Try it: Pull every line containing "IVAM" out of the material below.

Records supplied:
*** Block opens ***
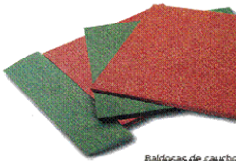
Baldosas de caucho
*** Block closes ***
*** Block opens ***
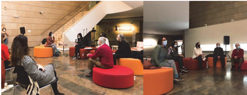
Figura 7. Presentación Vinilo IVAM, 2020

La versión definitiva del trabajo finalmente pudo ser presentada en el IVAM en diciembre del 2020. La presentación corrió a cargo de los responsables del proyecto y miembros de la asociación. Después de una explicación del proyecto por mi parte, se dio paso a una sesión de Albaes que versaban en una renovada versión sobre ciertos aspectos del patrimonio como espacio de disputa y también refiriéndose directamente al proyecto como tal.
*** Block closes ***
Answer to this task:
Figura 7. Presentación Vinilo IVAM, 2020
La versión definitiva del trabajo finalmente pudo ser presentada en el IVAM en diciembre del 2020. La presentación corrió a cargo de los responsables del proyecto y miembros de la asociación. Después de una explicación del proyecto por mi parte, se dio paso a una sesión de Albaes que versaban en una renovada versión sobre ciertos aspectos del patrimonio como espacio de disputa y también refiriéndose directamente al proyecto como tal.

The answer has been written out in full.